All 31 seats in the City Council of Seville 16 seats needed for a majority
- Opinion polls
- Registered: 540,851 ▼0.8%
- Turnout: 317,843 (58.8%) ▼0.7 pp
|  | First party | Second party | Third party |
| Leader | Juan Espadas | Beltrán Pérez | Susana Serrano |
| Party | PSOE–A | PP | Adelante |
| Leader since | 24 May 2010 | 16 March 2018 | 14 April 2015 |
| Last election | 11 seats, 32.2% | 12 seats, 33.1% | 5 seats, 16.0% |
| Seats won | 13 | 8 | 4 |
| Seat change | +2 | −4 | −1 |
| Popular vote | 123,933 | 73,101 | 44,546 |
| Percentage | 39.2% | 23.1% | 14.1% |
| Swing | +7.0 pp | −10.0 pp | −1.9 pp |
|  | Fourth party | Fifth party |
| Leader | Álvaro Pimentel | Cristina Peláez |
| Party | Cs | Vox |
| Leader since | 27 March 2019 | 2015 |
| Last election | 3 seats, 9.3% | 0 seats, 0.5% |
| Seats won | 4 | 2 |
| Seat change | +1 | +2 |
| Popular vote | 39,331 | 25,122 |
| Percentage | 12.5% | 8.0% |
| Swing | +3.2 pp | +7.5 pp |
| Mayor before election Juan Espadas PSOE | Mayor after election Juan Espadas PSOE |

= 2019 Seville municipal election =

Election in the Spanish municipality of Seville

A municipal election was held in Seville on 26 May 2019 to elect the 11th City Council of the municipality. All 31 seats in the City Council were up for election. It was held concurrently with regional elections in twelve autonomous communities and local elections all across Spain, as well as the 2019 European Parliament election.

==Overview==
Under the 1978 Constitution, the governance of municipalities in Spain—part of the country's local government system—was centered on the figure of city councils (ayuntamientos), local corporations with independent legal personality composed of a mayor, a government council and an elected legislative assembly. The mayor was indirectly elected by the local assembly, requiring an absolute majority; otherwise, the candidate from the most-voted party automatically became mayor (ties were resolved by drawing lots). In the case of Seville, the top-tier administrative and governing body was the City Council of Seville.

===Date===
The term of local assemblies in Spain expired four years after the date of their previous election, with election day being fixed for the fourth Sunday of May every four years. The election decree was required to be issued no later than 54 days before the scheduled election date and published on the following day in the Official State Gazette (BOE). The previous local elections were held on 24 May 2015, setting the date for election day on the fourth Sunday of May four years later, which was 26 May 2019.

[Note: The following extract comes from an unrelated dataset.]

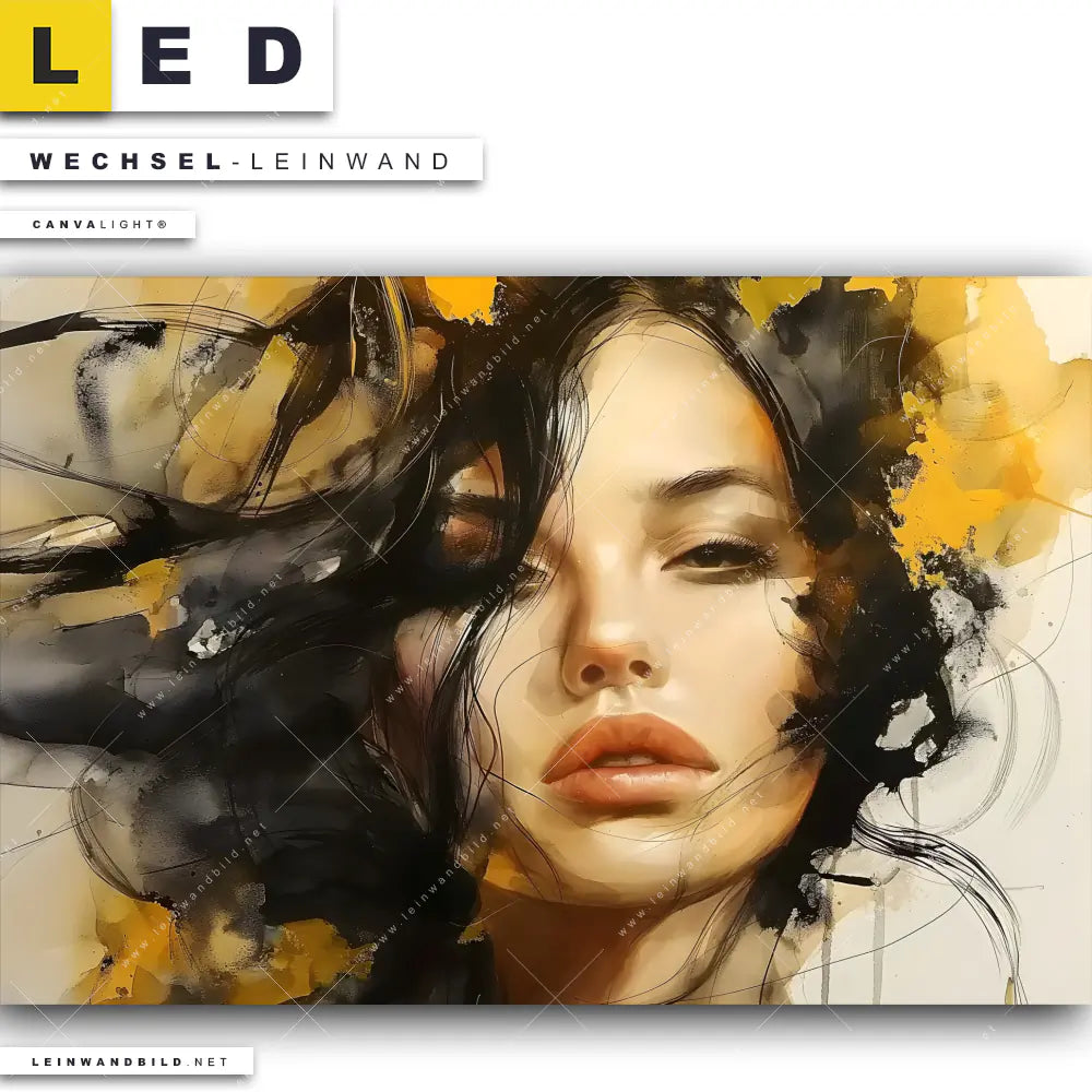 Du bist auf der Suche nach einer Porträts - Menschen Wechsel-Leinwand für Dein LED-Leinwandbild im Querformat? Begriffe wie Abstrakt, Modern, Kunst, Gemälde, Ölfarbe, Frau, Portrait, Lippen, Aquarell, Farbspritzer haben Dich auf der Suche nach Deiner Ersatz-Leinwand für dein breites LED Wandbild mit wechselbarer Leinwand inspiriert? Farben wie Schwarz, Beige, Orange, Ocker, Gelb dürfen auf Deinem neuen Wechselmotiv für Dein XXL Leinwand-LED-Bild nicht fehlen und Leinwände im Abstrakt, Modern Art Stil für Leuchtbilder passen perfekt zu Deinem Einrichtungsstil?

Local assemblies could not be dissolved before the expiration of their term, except in cases of mismanagement that seriously harmed the public interest and implied a breach of constitutional obligations, in which case the Council of Ministers could—optionally—decide to call a by-election.

Elections to the assemblies of local entities were officially called on 2 April 2019 with the publication of the corresponding decree in the BOE, setting election day for 26 May.

===Electoral system===
Voting for local assemblies was based on universal suffrage, comprising all Spanish nationals over 18 years of age, registered and residing in the municipality and with full political rights (provided that they had not been deprived of the right to vote by a final sentence), (Note: Amendments in 2018 granted the right to vote to those legally incapacitated.) as well as resident non-national European citizens, and those whose country of origin allowed reciprocal voting by virtue of a treaty.

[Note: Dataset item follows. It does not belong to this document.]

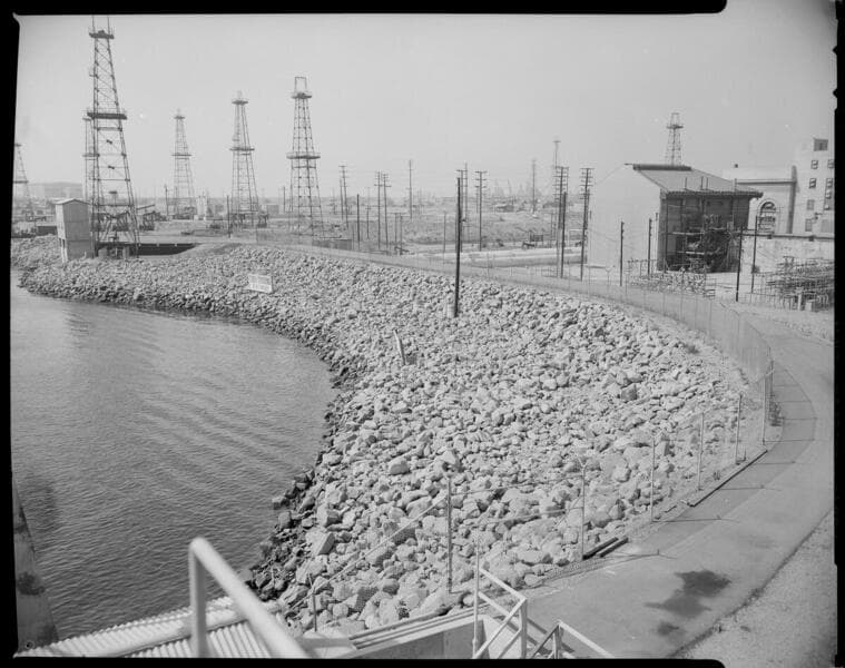 Long Beach Steam Station with oil field production in background

Local councillors were elected using the D'Hondt method and closed-list proportional voting, with a five percent-threshold of valid votes (including blank ballots) in each municipality. Each municipality was a multi-member constituency, with a number of seats based on the following scale:

| Population | Councillors |
|---|---|
| <100 | 3 |
| 101–250 | 5 |
| 251–1,000 | 7 |
| 1,001–2,000 | 9 |
| 2,001–5,000 | 11 |
| 5,001–10,000 | 13 |
| 10,001–20,000 | 17 |
| 20,001–50,000 | 21 |
| 50,001–100,000 | 25 |
| >100,001 | +1 per each 100,000 inhabitants or fraction +1 if total is an even number |

The law did not provide for by-elections to fill vacant seats; instead, any vacancies arising after the proclamation of candidates and during the legislative term were filled by the next candidates on the party lists or, when required, by designated substitutes.

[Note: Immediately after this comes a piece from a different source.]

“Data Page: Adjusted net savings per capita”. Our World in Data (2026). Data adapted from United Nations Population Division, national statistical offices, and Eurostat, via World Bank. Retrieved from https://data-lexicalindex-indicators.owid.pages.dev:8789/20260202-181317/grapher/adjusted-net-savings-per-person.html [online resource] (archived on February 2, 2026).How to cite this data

==Parties and candidates==
The electoral law allowed for parties and federations registered in the interior ministry, alliances and groupings of electors to present lists of candidates. Parties and federations intending to form an alliance were required to inform the relevant electoral commission within 10 days of the election call, whereas groupings of electors needed to secure the signature of a determined amount of the electors registered in the municipality for which they sought election, disallowing electors from signing for more than one list. In the case of Seville, as its population was between 300,001 and 1,000,000, at least 5,000 signatures were required. Additionally, a balanced composition of men and women was required in the electoral lists, so that candidates of either sex made up at least 40 percent of the total composition.

Below is a list of the main parties and alliances which contested the election:

| Candidacy |  | Parties and alliances | Leading candidate |  | Ideology | Previous result |  | Gov. | Ref. |
| Vote % | Seats |
|  | PP | List People's Party (PP) ; |  | Beltrán Pérez | Conservatism Christian democracy | 33.1% | 12 | No |  |
|  | PSOE–A | List Spanish Socialist Workers' Party of Andalusia (PSOE–A) ; |  | Juan Espadas | Social democracy | 32.2% | 11 | Yes |  |
|  | Adelante | List We Can (Podemos) ; United Left/The Greens–Assembly for Andalusia (IULV–CA) – Communist Party of Andalusia (PCA) – The Dawn. Marxist Organization OM (La Aurora (om)) – Republican Left (IR) – Feminist Party of Spain (PFE) ; Andalusian Spring (Primavera Andaluza) ; |  | Susana Serrano | Andalusian nationalism Left-wing populism Direct democracy | 16.0% | 5 | No |  |
|  | Cs | List Citizens–Party of the Citizenry (Cs) ; |  | Álvaro Pimentel | Liberalism | 9.3% | 3 | No |  |
|  | Vox | List Vox (Vox) ; |  | Cristina Peláez | Right-wing populism Ultranationalism National conservatism | 0.5% | 0 | No |  |

==Opinion polls==
The tables below list opinion polling results in reverse chronological order, showing the most recent first and using the dates when the survey fieldwork was done, as opposed to the date of publication. Where the fieldwork dates are unknown, the date of publication is given instead. The highest percentage figure in each polling survey is displayed with its background shaded in the leading party's colour. If a tie ensues, this is applied to the figures with the highest percentages. The "Lead" column on the right shows the percentage-point difference between the parties with the highest percentages in a poll.

===Voting intention estimates===
The table below lists weighted voting intention estimates. Refusals are generally excluded from the party vote percentages, while question wording and the treatment of "don't know" responses and those not intending to vote may vary between polling organisations. When available, seat projections determined by the polling organisations are displayed below (or in place of) the percentages in a smaller font; 16 seats were required for an absolute majority in the City Council of Seville.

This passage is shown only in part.